Nanochat Additions Over nanoGPT | Generated by AI

Home 2026.06

Here’s the full breakdown of what nanochat adds over nanoGPT:

━━━━━━━━━━━━━━━━━━━━━━━━━━━━━━━━━━━━━━━━━━━━━━ nanochat vs nanoGPT — What’s Extra ━━━━━━━━━━━━━━━━━━━━━━━━━━━━━━━━━━━━━━━━━━━━━━

nanoGPT is a pretraining-only harness. It has:

nanochat is the full LLM lifecycle in one repo.
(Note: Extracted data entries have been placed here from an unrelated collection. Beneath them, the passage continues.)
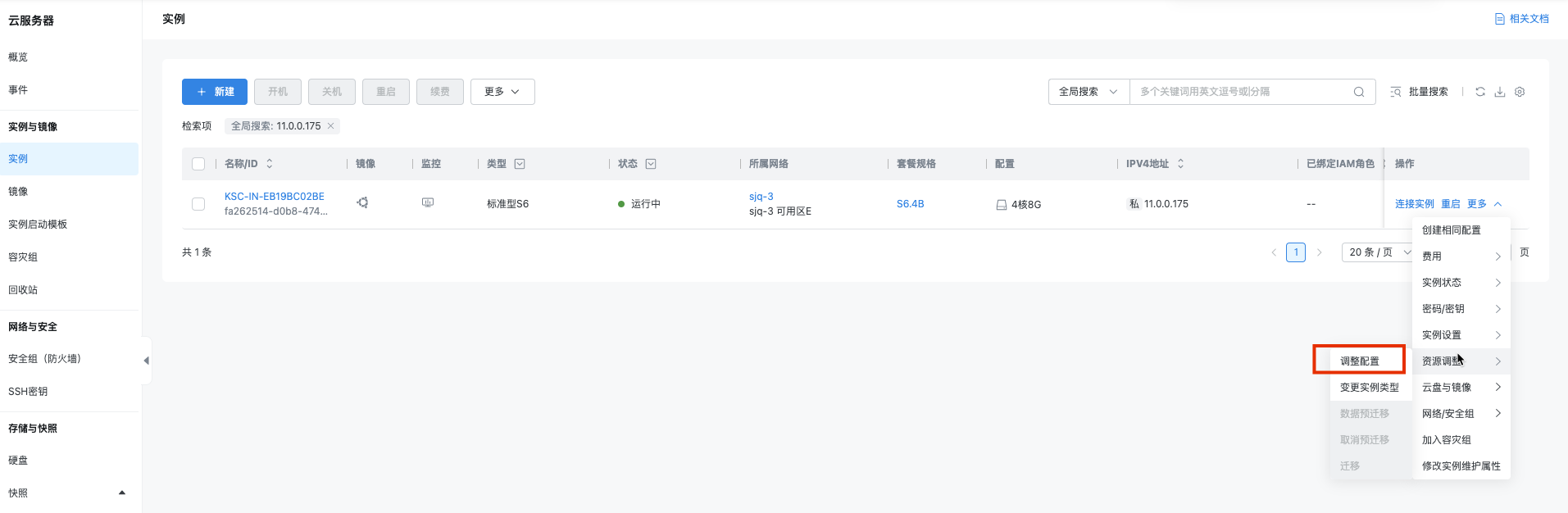选择变更后的规格点击确认,等待云服务器状态从调整配置中变为调整配置成功。
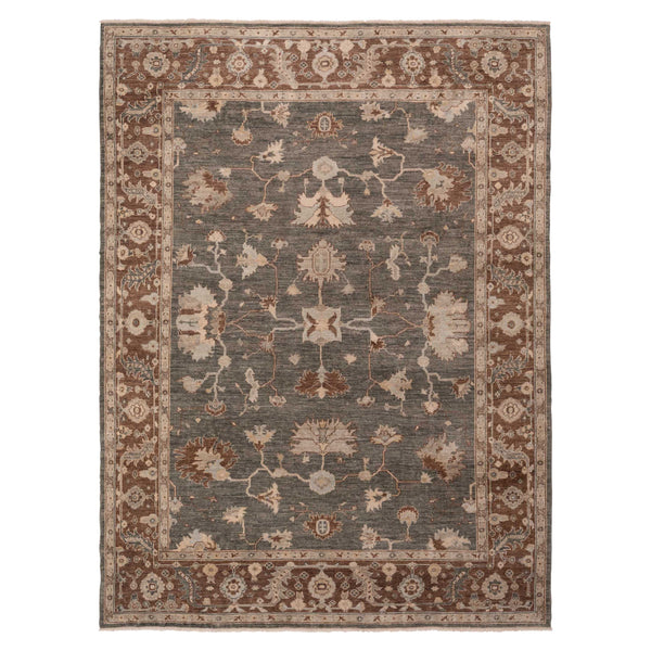 The Brown Traditional Oushak Wool Rug, measuring 8'10" x 11'8", is a hand-knotted piece crafted in Turkey. This large area rug offers a classic aesthetic suitable for various home interiors. Constructed from 100% wool, this rug provides a durable and soft surface. The natural fibers offer resilience and inherent stain resistance, ensuring longevity. Its hand-knotted construction highlights the intricate details of the traditional Oushak design, a hallmark of Turkish craftsmanship. The rug features a central field in a sophisticated charcoal...
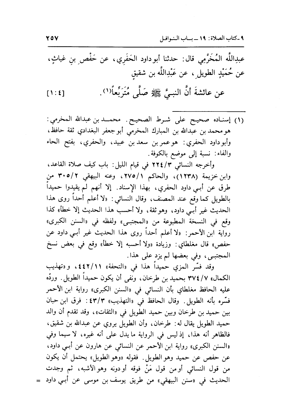 عَبْدِ اللَّهِ الْمُخَرِّمِيُّ، قَالَ: حَدَّثَنَا أَبُو دَاوُدَ الْحَفَرِيُّ، عَنْ حَفْصِ بْنِ غِيَاثٍ، عَنْ حُمَيْدٍ الطَّوِيلِ، عَنْ عَبْدِ اللَّهِ بْنِ شَقِيقٍ، عَنْ عَائِشَةَ، «أَنَّ النَّبِيَّ صَلَّى اللَّهُ عَلَيْهِ وَسَلَّمَ صَلَّى مُتَرَبِّعًا» (¬1) . [4: 1]
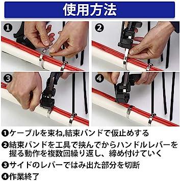 寸法:H210mm;重量:約590g商品内容:結束工具SS-01x1点、取扱説明書適合メタルバンド幅:4.5~12mm以内適合メタルバンド厚さ:0.3mm以下操作方法:引き締め調整は、トリガーを引きながら行い、最後にタイカット用レバーを押し上げて、余分なタイを切断します。
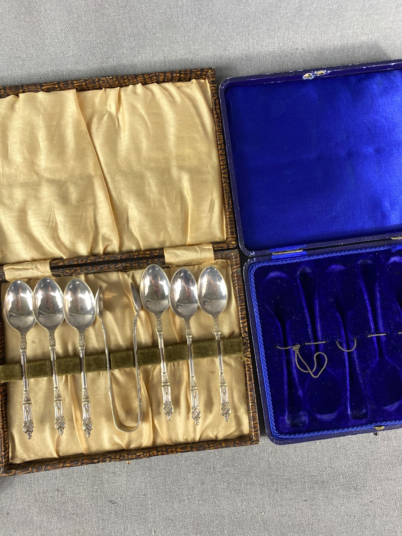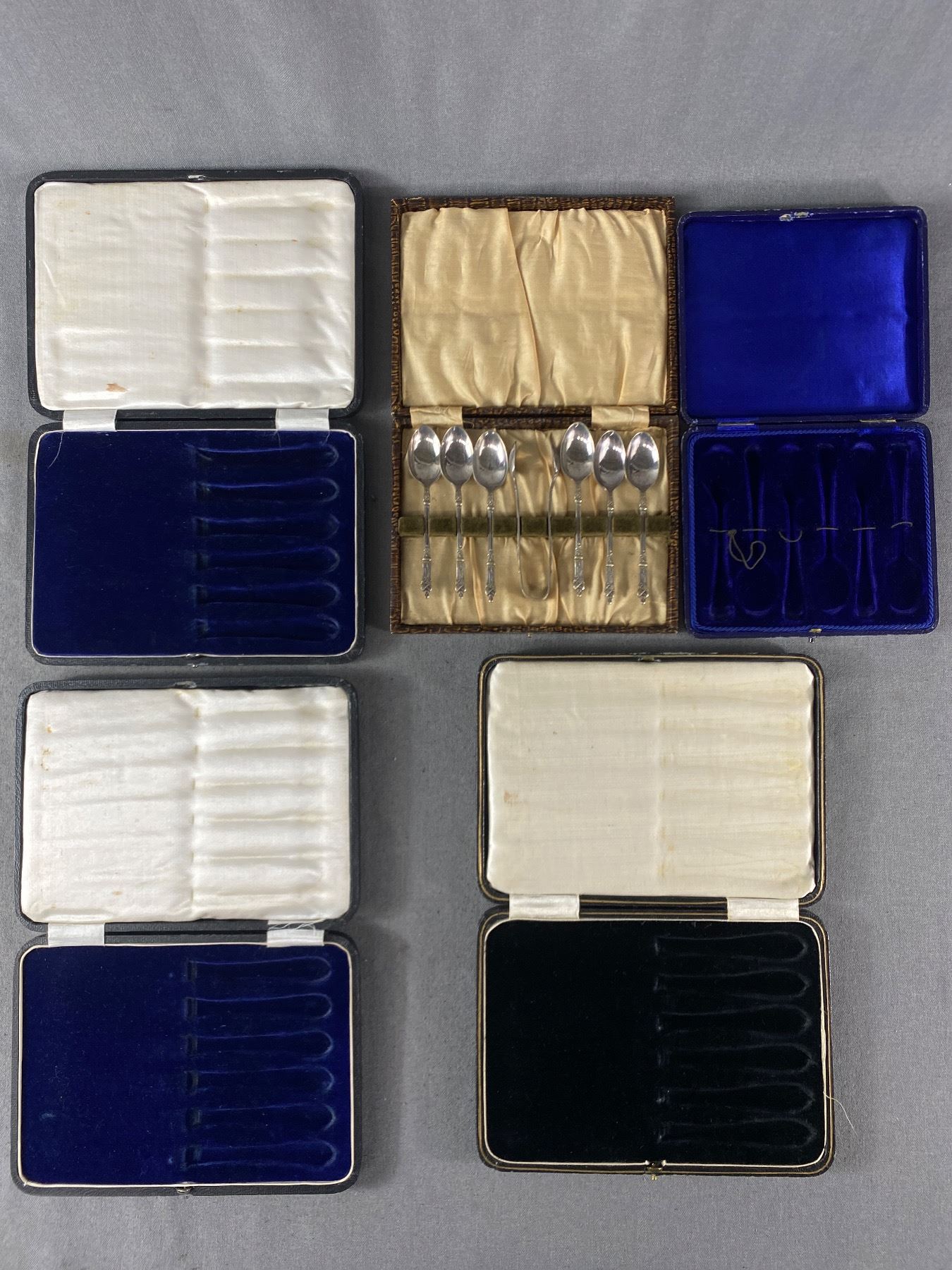 Vintage Figural Apostle On Handles E.P.N.S.Teaspoons w/Sugar Tongs In Original Case & 4 Empty Cases
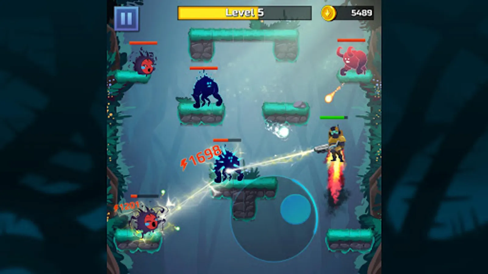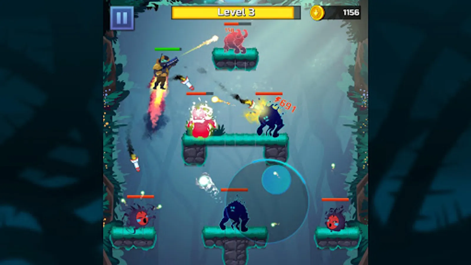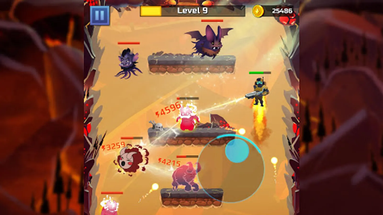 As befits any platform shooting games you should move through different locations, jump and shoot enemies you face along the way. How lucky you are having all the necessary! There are two types of enemies in this action platformer game – static and moving. Use your weapon arsenal to choose the most suitable one. You have a wide range of weapons, don’t forget to use gold to upgrade it! Also you can feel like jetpack jumper, fly away from the monsters and deal a devastating blow! Jump and shoot all the time to stay alive!
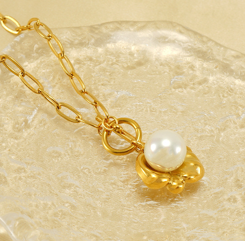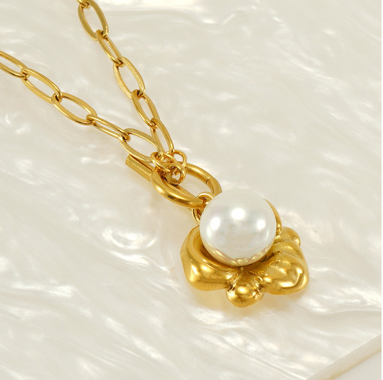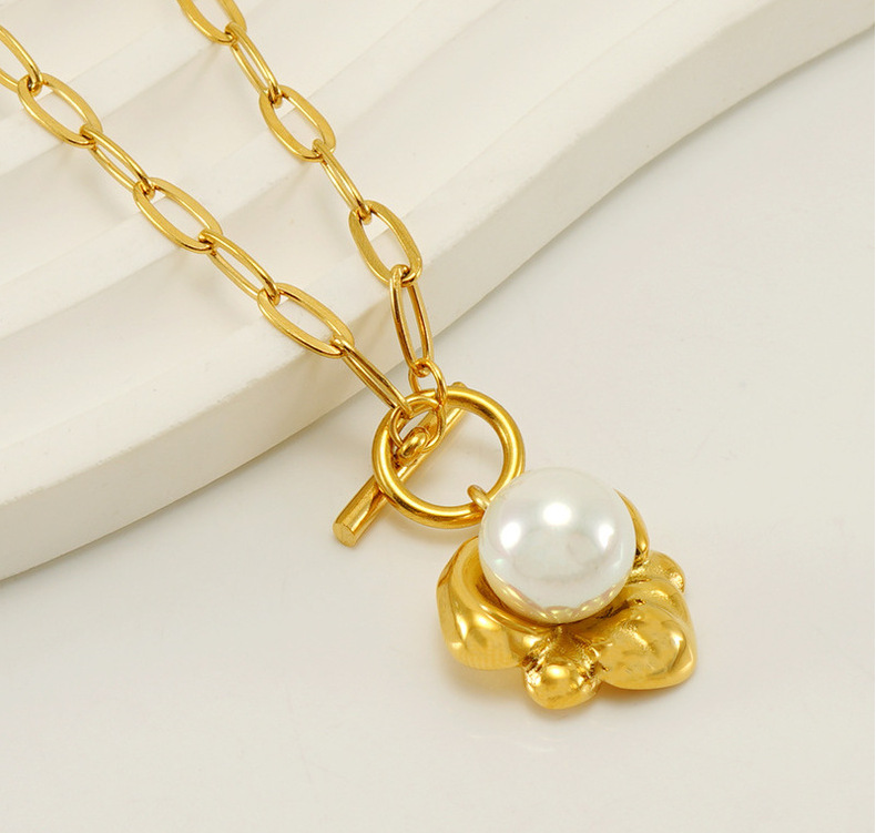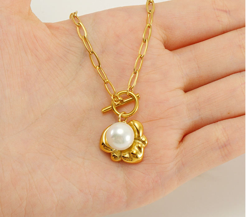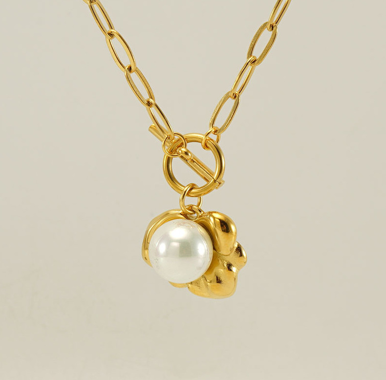 Verano transfronterizo nuevo collar de perlas elegante de las mujeres de alto grado irregular de acero de titanio colgante Cadena de clavícula al por mayor
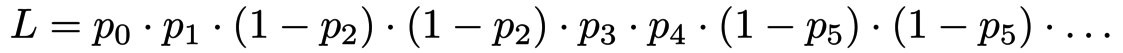 这个函数虽然看起来复杂,但如果对它取指数(L=exp(-l)),会发现这是全部样本均预测正确的概率。比如样本集的标签值分别为 (1, 1, 0, 1, 1, 0, ...),则:
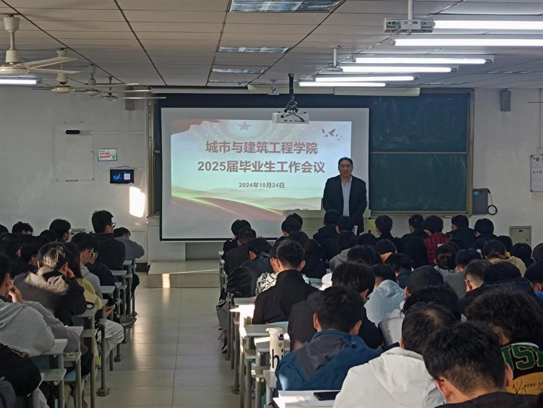 10月24日下午,学院召开了2025届全体毕业生会议,针对毕业实习、毕业设计等工作进行了详细安排,讲解了就业工作的相关注意事项,对就业资源、应聘求职、签约注意事项等问题进行了说明。
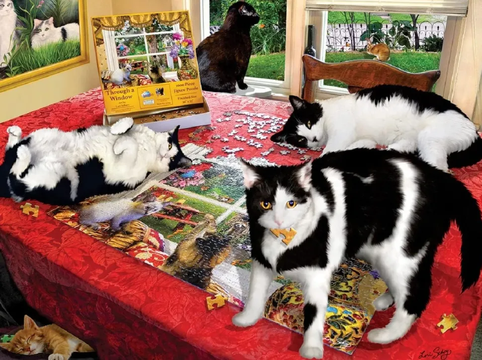 De collectie bevat geen puzzels op basis van foto’s, iedere puzzel is een tekening of schilderij van een artiest, waarvan op basis van een licentie legpuzzels worden gemaakt (licensed artwork). Zo ook deze legpuzzel Who Let The Cats Out van Lori Schory
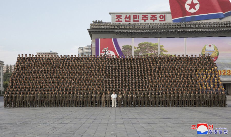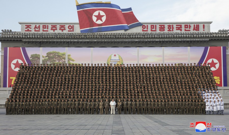 朝中社平壤9月10日电 朝鲜劳动党总书记、朝鲜民主主义人民共和国国务委员长金正恩同志9月9日同共和国成立75周年庆祝活动参加者合影留念。
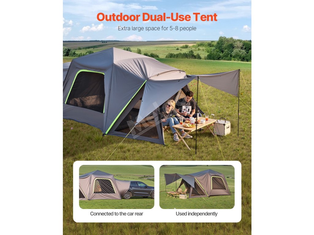 Vďaka dostatočnému priestoru umožňuje tento stan pre SUV skupinové stretnutia bez pocitu stiesnenosti. Jeho vysoká výška znamená, že sa nemusíte ohýbať ani hrbiť, čo vašej rodine zabezpečí pohodlné kempovanie v prírode.
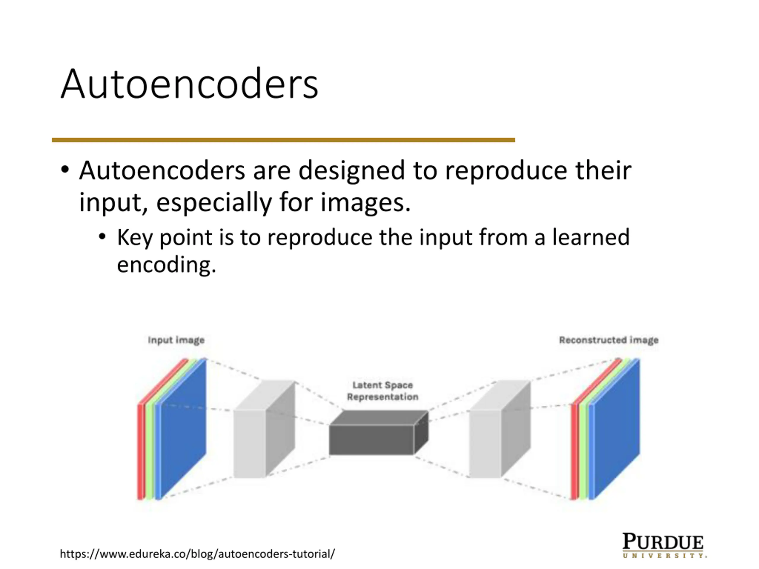 Autoencoders Autoencoders are designed to reproduce their input, especially for images. Key point is to reproduce the input from a learned encoding. https://www.edureka.co/blog/autoencoders-tutorial/
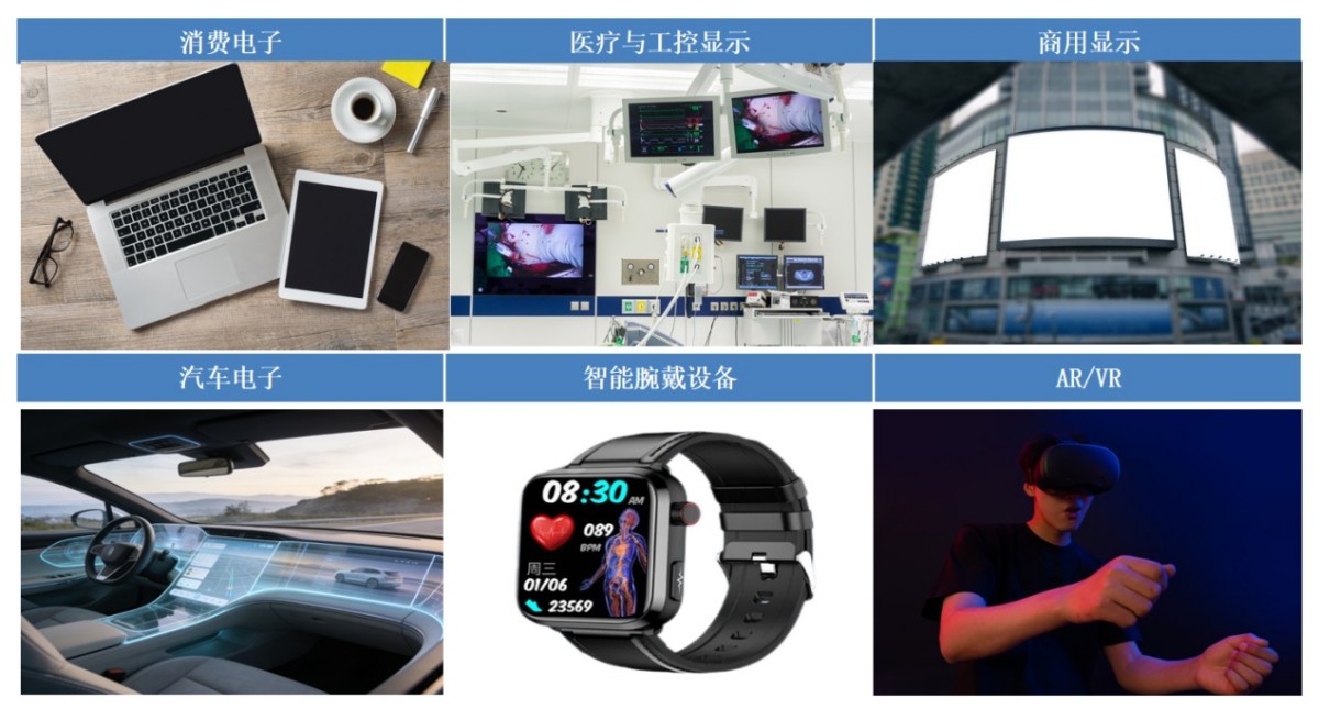 偏光片广泛应用于消费电子(手机、笔记本电脑、平板电脑、电视等)、汽车电子(车载显示、HUD抬头显示等)、商用显示(广告屏、拼接墙等)、医疗与工控显示(工控屏、医疗影像等)、可穿戴(手表、手环等)及VR/AR等显示终端。具体应用场景如下:

Here’s every major addition:

━━━━━━━━━━━━━━━━━━━━━━━━━━━━━━━━━━━━━━━━━━━━━━

  1. MODEL ARCHITECTURE (gpt.py) — significantly upgraded ━━━━━━━━━━━━━━━━━━━━━━━━━━━━━━━━━━━━━━━━━━━━━━
Feature nanoGPT nanochat
Positional encoding Learned (wpe embedding) Rotary (RoPE) — no wpe
Normalization LayerNorm (learnable) RMSNorm (no learnable params)
Activation GELU ReLU² (relu squared)
Attention Single combined c_attn Separate c_q, c_k, c_v, c_proj
KV heads MHA only Grouped-Query Attention (GQA)
QK norm No Yes (q,k normalized after RoPE)
Bias Yes (configurable) No bias anywhere
Weight tying Yes (wte = lm_head) No — untied embeddings
Dropout Yes No dropout at all
Logit softcap No Yes (tanh softcap at ±15)
Sliding window attention No Yes (SSSL pattern per layer)
Value Embeddings No ResFormer-style value residual
Smear (prev token mix) No Gate-mixed prev token embedding
Backout (mid-layer sub) No Subtract halfway residual
Residual scaling Fixed Per-layer resid_lambdas + x0
Flash Attention PyTorch SDPA FA3 → FA2 → SDPA fallback chain
KV Cache None (crop-based) Proper FA3 KV cache for inference
FP8 training No Dynamic tensorwise FP8 (e4m3/e5m2)
Optimizer Single AdamW MuonAdamW (Muon for matrices,
    AdamW for embeddings/scalars)
Weight init Normal(0, 0.02) Uniform for attn, zeros for proj,
    explicit per-layer resid/x0 init
Vocab padding Yes (to 50304) Yes (to nearest 64)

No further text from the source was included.